It should come as no surprise that the Air America pilot and flight mechanic found 
themselves in a heap of trouble with the State Department REMF’s in Vientiane. (REMF is an 
acronym. The first three words are Rear, Echelon, and Mother.) In spite of the striped-pants 
cookie-pushers' discomfort at (horrors!) an inter*national incident (or perhaps, partly because of 
it) these guys were heroes to everybody in the theatre who didn't wear puce panties and talk with 
a lisp. They accomplished a couple of firsts: (1) The first and only combat shootdown of a biplane 
by a helicopter, and (2) The first known CIA air-to-air victory. Not bad for a couple of spooks. 

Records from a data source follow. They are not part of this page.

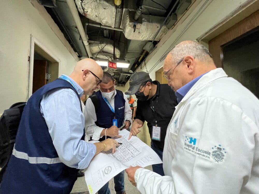 En el proyecto se invertirán unos 300 millones de lempiras, fondos propios del HE. Con el acompañamiento de la unidad de infraestructura del hospital y de Sesal; un equipo técnico UNOPS recorrió recientemente, en una primera visita de diagnóstico, los espacios que serán remodelados.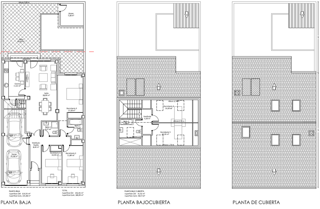 La nueva construcción se desarrolla en planta baja (cocina, salón, 2 cuartos de baño, 3 dormitorios y garaje) y planta bajocubierta (2 dormitorios, un vestíbulo y un baño), sobre una parcela de 220 m², se reserva el fondo de la misma como patio donde se ubica un pequeño cuarto anexo.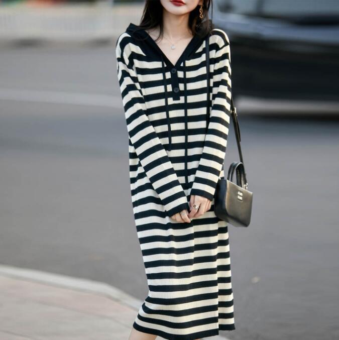 - 新入荷上質秋ニットワンピース 大人 長袖 きれいめ ボーダー柄 ロングワンピースフード付き 上品 大人 着やせ マキシワンピース杏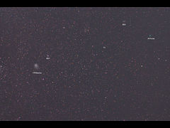 (1枚目)2008年の写し初め、タットル彗星初見参です。かなり拡散しているようで、望遠鏡眼視ではかすかに存在が分かる程度です。ややピンぼけです。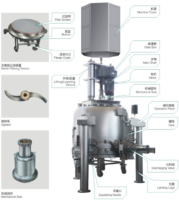 过滤洗涤干燥三合一由罐体、搅拌装置、轴端密封装置、升降机构、液压升降装置、可拆式罐底座、加热装置、传动机构、出料阀、取样阀、洗涤(清洗)灭菌装置、搅拌升降行程指示装置、显示屏与手动操作控制装置、液压泵站、主电控柜等部件组成,实现机、电、仪表一体化。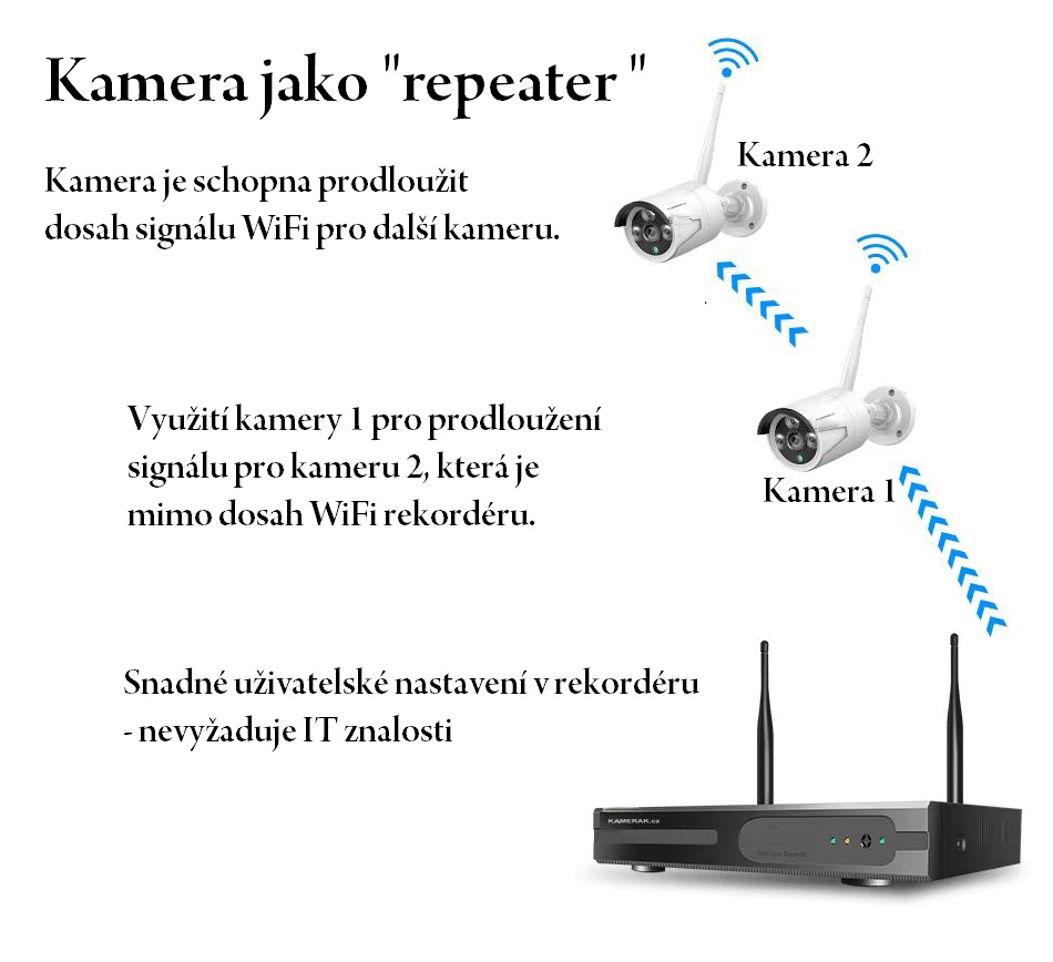 Otočná WiFi kamera zaručuje vizuální přehled o dění ve snímaném prostoru. Kamera disponuje funkcí repeateru (opakovače), kdy je schopna prodloužit signál pro další kameru, která je umístěna mimo dosah WiFi rekordéru.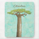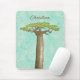 Mousepad verfügt über einen großen Baobab-Baum, bekannt in Afrika und Australien, auf Aqua / Gold Punkte Hintergrund mit Aquarell. Personalisieren mit Namen oder Monogramm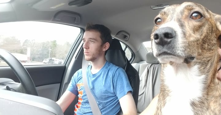 This isn't posed... This is how he rides in a car.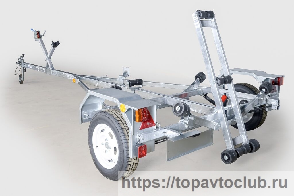 Прицеп Трейлер 82944С (5 метров / РЕС) — предназначен для перевозки лодок или катеров. Рессорная подвеска. Килевые ролики служат основной опорой для лодки/катера. Подножки облегчают погрузку/разгрузку водной техники. Ложементы, служат дополнительной опорой для лодки/катера.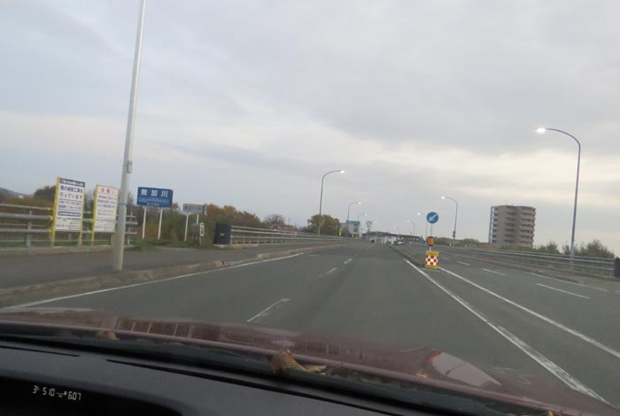 左折すると無加川橋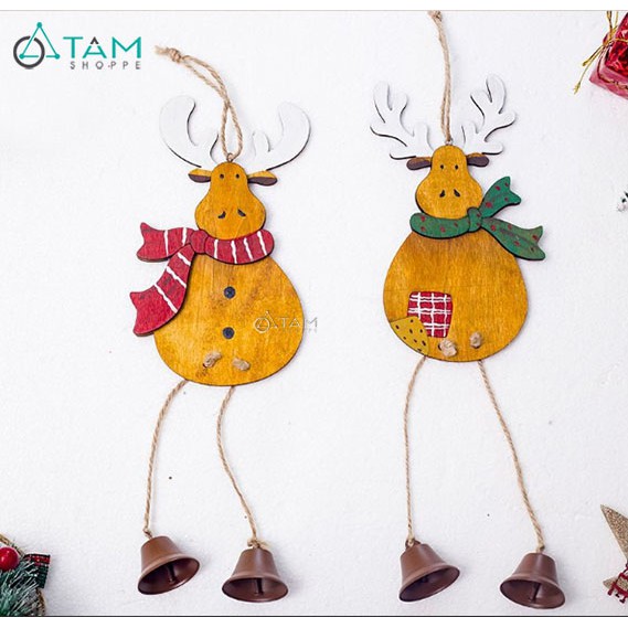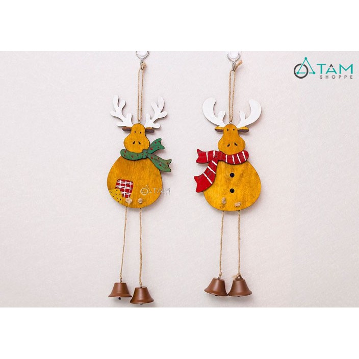 Phụ kiện treo Noel Tuần lộc gỗ vàng chân chuông X-PKTCT-42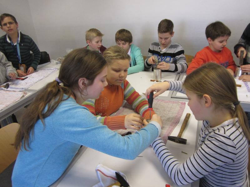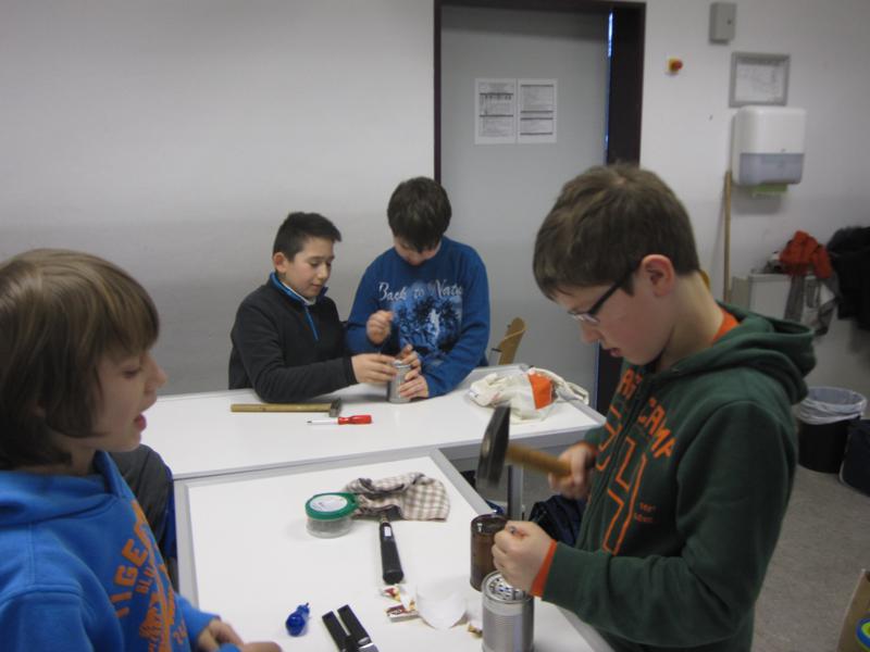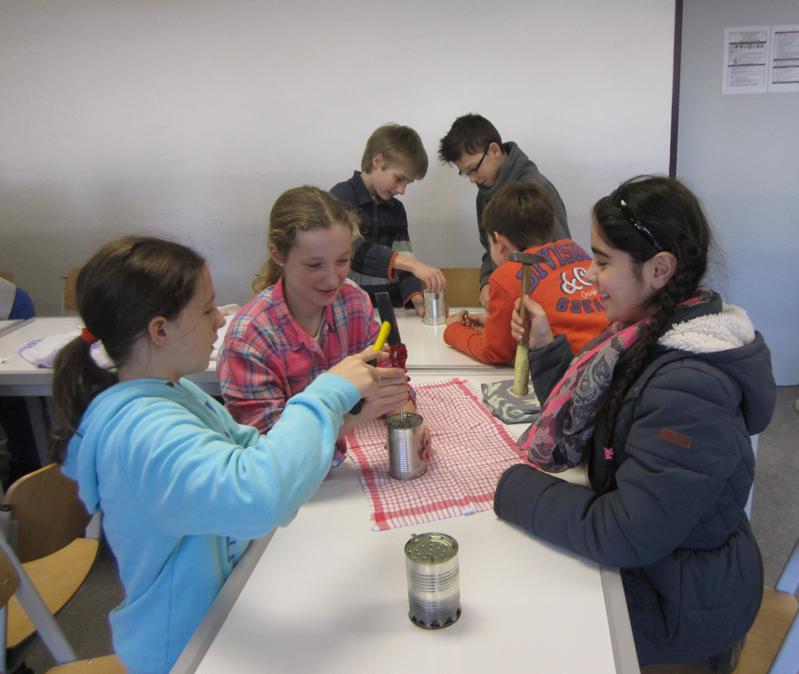 Auf dem Niveau von „Nawi-Kids“ wurde deutlich, dass die Pyrolyse-Öfen ökologisch viele Vorteile bieten, aber auch die afrikanischen Familien, die diese Pyrolyse-Öfen in Hütten einsetzen, in ihrem Alltag stark unterstützen. Aus dem Alltag bzw. dem Müll der Schülerinnen und Schüler stammten dann auch die für denn Pyrolyse-Ofen benötigten Materialien: Metalldosen für den Brenner und Nussschalen als Brennmaterial. Bevor es zum heiß ersehnten Feuermachen kam, musste handwerkliches Geschick bewiesen werden: Hämmern, Bohren, Schrauben eindrehen. Höhepunkt war der praktische Einsatz der Öfen! Teile des Schulhofes wurden ordentlich in Rauch gehüllt. Beeindruckend waren auch olfaktorischen Begleiterscheinungen, insbesondere in der in der Kleidung.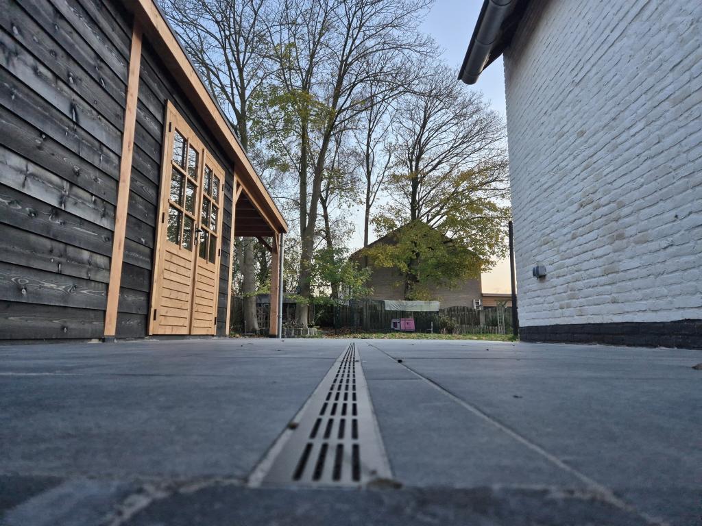§ Straatwerk: betontegel grijs/zwart 60x60cm en abbeystones bobbio 20x30cm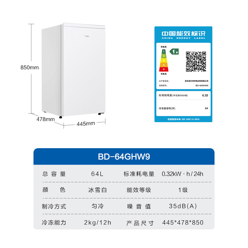 天猫海尔64L母乳储奶冷冻柜迷你家用保鲜冰柜小型立式1级节能冷柜冰箱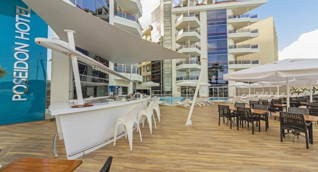 Отдыхали с 14 июля по 23 прошлого года. Я в восторге. На фоне других отелей, даже 5-ти звездочного "Elegance", отель Посейдон сразу выделяется. Все отели типичной постройки, все на одно лицо, а Посейдон самый оригинальный. В отеле нет "все включено", но это даже и не нужно. Особо кушать не хочется днем, да и если захочется, цены в отеле не высокие. Кормят просто шикарно, я отдыхала раньше и в Белеке, и в Кемере только в 5-ти звездочных отелях, даже там нет такой еды. Все очень вкусно, персонал работает быстро, все приветливые. Обслуживание номеров отличное, каждый день уборка номера, и 3 раза смена белья, если сами захотите чтобы поменяли белье, просто попросите и вам все сделают). Территория там маленькая, но я считаю что она и не нужна там. Отель находится в городе, причем расположение очень удобное, до всего можно дойти пешком. Минут 30 пешком прямо по набережной и вы дойдете до барной улицы, где куча клубов и везде вход бесплатный))Минут 7 пешком и вы увидете супермаркет "MMM Migroc" Посетили также кучу экскурсий, на яхте по Эгейским островам, были также на яхте на ночной дискотеке, на обзорной экскурсии, на барной улице, в аквапарке. Кстати он находится рядом с отелем, на горе)) оттуда великолепный вид на город. Я всем советаю ехать в Посейдон! Не пожалеете!!!! В след лето только Посейдон!!!

Communication with Headquarters was very good in Vietnam, and I learned of this 
incident within an hour or so of its happening, although I had no details. But the prospect of 
access to a North Vietnamese aircraft of any sort was very attractive to an intell type, so I grabbed 
my flyaway kit and headed for Udorn AFB in northern Thailand, where I knew I could get 
transport to the crash site from the Air Rescue and Recovery Service (ARRS), the Jolly Green 
Giants. Sure enough, the next morning we headed for bad guy land with a flight of three Jolly 
Green Giants. The State Department geniuses had decided to cover their ample butts by having the 
remains of the AN-2 airlifted down to Vientiane to put on display to an outraged world press, thus 
proving that North Vietnam had violated Laotian neutrality by sending armed aircraft against a 
peaceful civil airline facility. Yawn. The Air Force went along with it because it provided good 
cover for our intell*igence operation. Of course, when State found out that I had gone in without 
saying Mother-may-I to them, they were really hot. But by then I had already gotten the goods we 
wanted, and what could they do to me? Fire me and send me to Vietnam? 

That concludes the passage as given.